The chassis is designed to accommodate a brass mount to hold the tonearm. Not only does this allow flexibility of arm options, it helps raise the arm up to the relatively high platter. However, it seems most who go with the Kronos use it specifically with a SME or Graham arm, and usually in those cases a 12-inch SME or Graham arm, so a brass outrigger armboard is also available. I used it with a Graham Phantom II (12 inch model) and a Lyra Skala cartridge (Cardas arm wiring throughout), and the three worked together as if they were made for one another.
As you would expect with a turntable costing tens of thousands, nothing is simply made out of ho-hum materials. Every single aspect of the product is pulled from the state of the art materials-science used in aerospace or Formula One racing (such as the woven carbon fibre mat on the phenolic encased in aluminium platter). Nothing is left to chance. So the inverted bearing is vapour deposited coated base metal alloy and is the result of extensive research. But in some respects, the clever part is it is a huge inverted bearing housing, several times larger than almost any seen on a turntable today.

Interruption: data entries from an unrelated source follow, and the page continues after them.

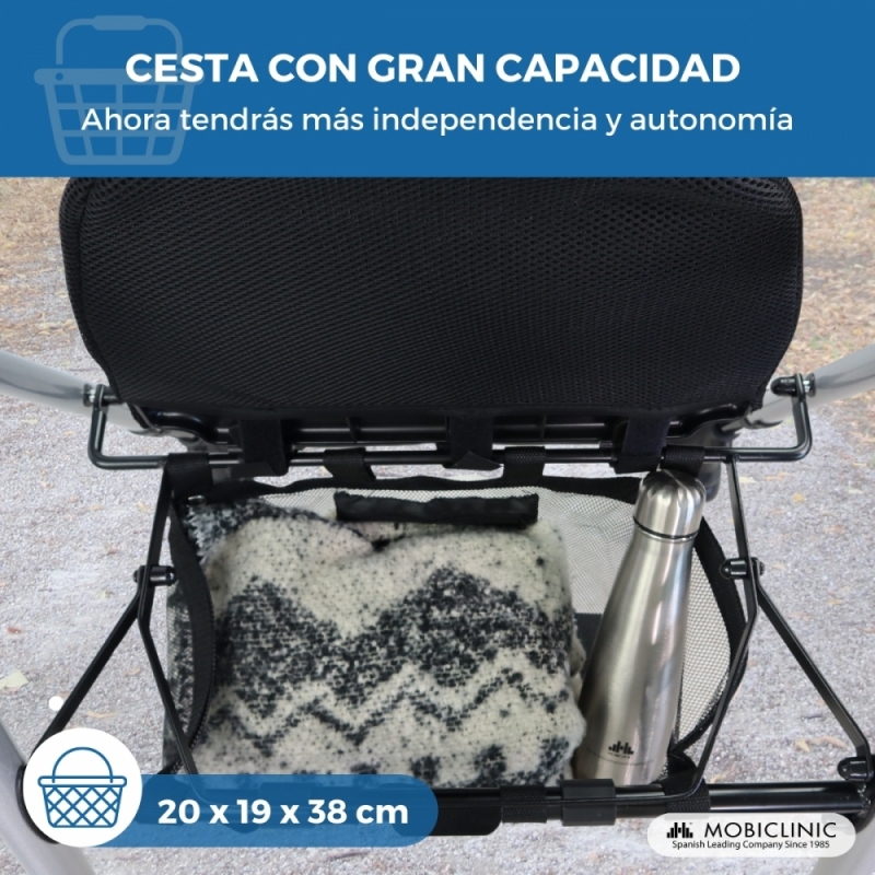 CÓMODO: el respaldo desmontable de este andador para adultos al igual que el asiento están envueltas con una suave espuma para conseguir la máxima comodidad, además, tiene una amplia cesta debajo del asiento y uno prácticos frenos por presión
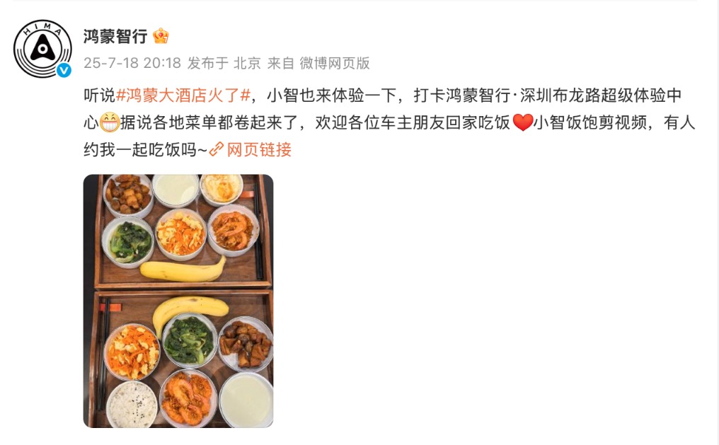 今年7月,华为常务董事、终端BG董事长余承东在内蒙古的鸿蒙智行用户中心吃夜宵,他发文称:“我们在全国超600个用户中心,推出了免费夏季车辆检测,其中有200余家支持鸿蒙智行星夜服务,方便用户下班之后来,检个车、用个餐放心回家。 ”
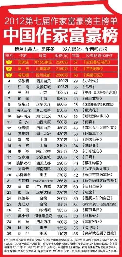 而到了2012年,获得诺贝尔文学奖之后,莫言轻松以2150万,升至中国作家富豪榜的第二位,这也证明了诺奖效应的“魔力”。
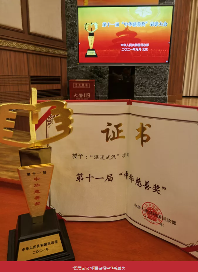 北京市温暖基金会“温暖武汉”项目凭借2020年以来在抗击新冠肺炎疫情慈善领域的突出贡献,荣获此次“中华慈善奖”。这也是北京市温暖基金会首次获得由民政部颁发的我国公益慈善领域政府最高奖——“中华慈善奖”。
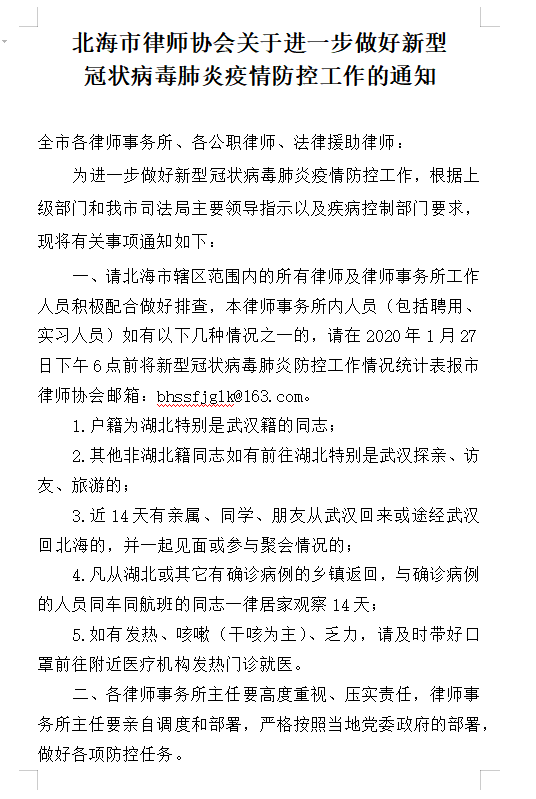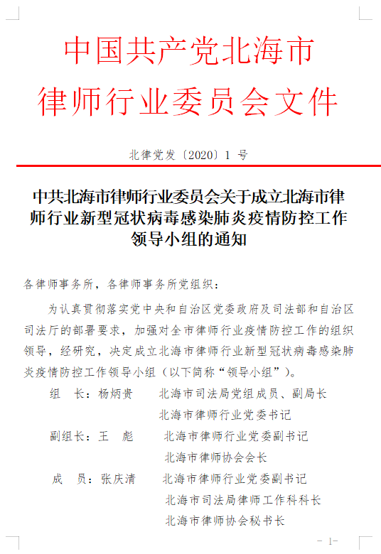 一、北海市律师行业党委成立北海市律师行业新型冠状病毒感染肺炎疫情防控工作领导小组
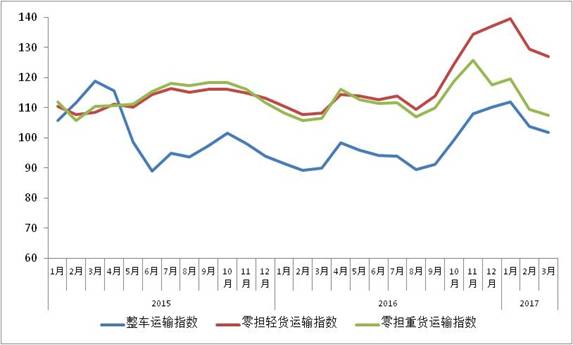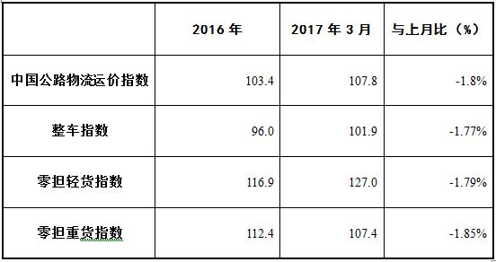 由中国物流与采购联合会和林安物流集团联合调查的中国公路物流运价指数2017年3月为107.8点,比上月回落1.8%,运价指数在连续两个月回落。
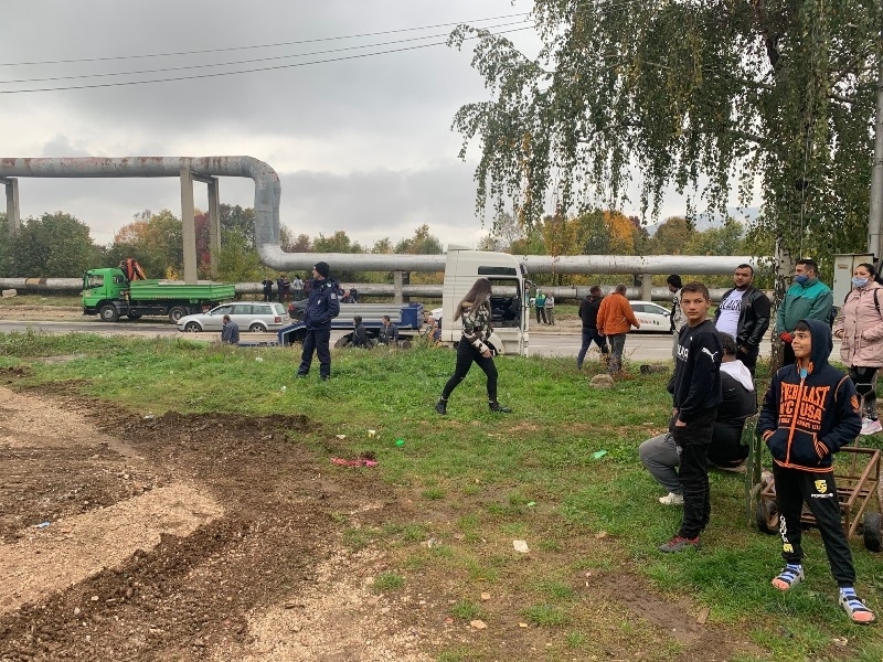 Полицейски екип следеше за спазването на обществения ред при събарянето.
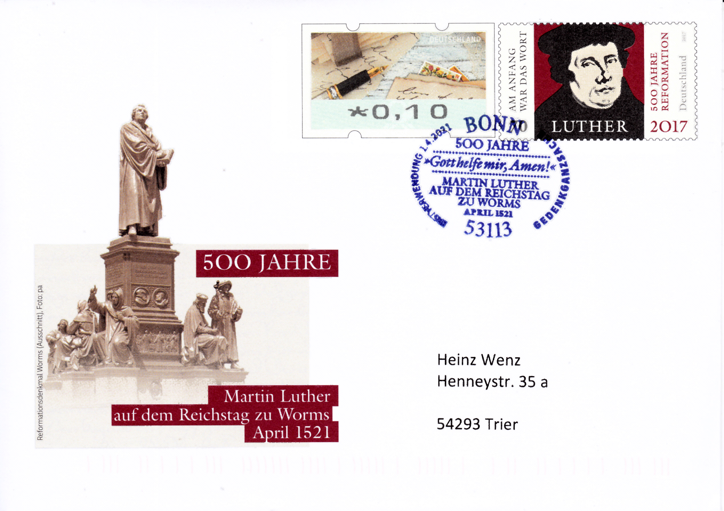 Auf Feld 6 befindet sich der bei einer Teilauflage des Zehnerbogens ohne Bogenzähler vorkommende Plattenfehler MiNr. 2755 I = "L" von "Luther" innen rechts eingekerbt:

The platters are driven by two Swiss-made DC motors, each one with a three-belt pulley (a second passive driving pulley is on the opposite side of the platter in both cases). Both motors and secondary pulleys are connected to the base-plate of the Kronos, rather than the subchassis assembly; if this were a true suspended deck, that could cause some wow issues, but because the subchassis suspension is more for isolation than overcoming torsional effects, in reality no such wow problems manifest. The DC motors use a computer controlled servo mechanism (they read points on each platter to reference speed), but where most DC motors today are driven by small PWM amplifiers, this is fed by a linear Class A amplifier (either a standalone box or built into the stand). Once again, this falls into the ‘nothing left to chance’ method of construction.
One of the things that irritates me about the superdeck world is the inherent fuss that comes with the package. You’ve just spent the equivalent cost of a nice Mercedes on a turntable, there’s no excuse to spend 25 minutes fiddling with air pumps, warming up the flux capacitor, or any other form of faffing around. Neither should that deck behave like an attention-seeking spoilt brat every other listening session, demanding you attend to the deck’s every whim between records and demand a complete strip-down every few weeks. If that’s your thing, great… but I was never a fan of the ‘Lots Of Trouble, Usually Serious’ approach to automotive design and see no reason to pay over the odds for a turntable that acts in so mercurial a manner.
The joy of the Kronos is that it ranks among the least fiddly of all superdecks, and is near enough maintenance-free. Set-up is straight-forward and logical; it’s necessarily a little more thorough (in terms of levelling and lubricating) than making an Ikea chair, but the instructions are better. Once set and levelled, it will take a few days for the speed control to bed in, but shouldn’t need too much in the way of adjustment, resets or lube-jobs, and even the way the belts are used (three per platter) is designed for longevity.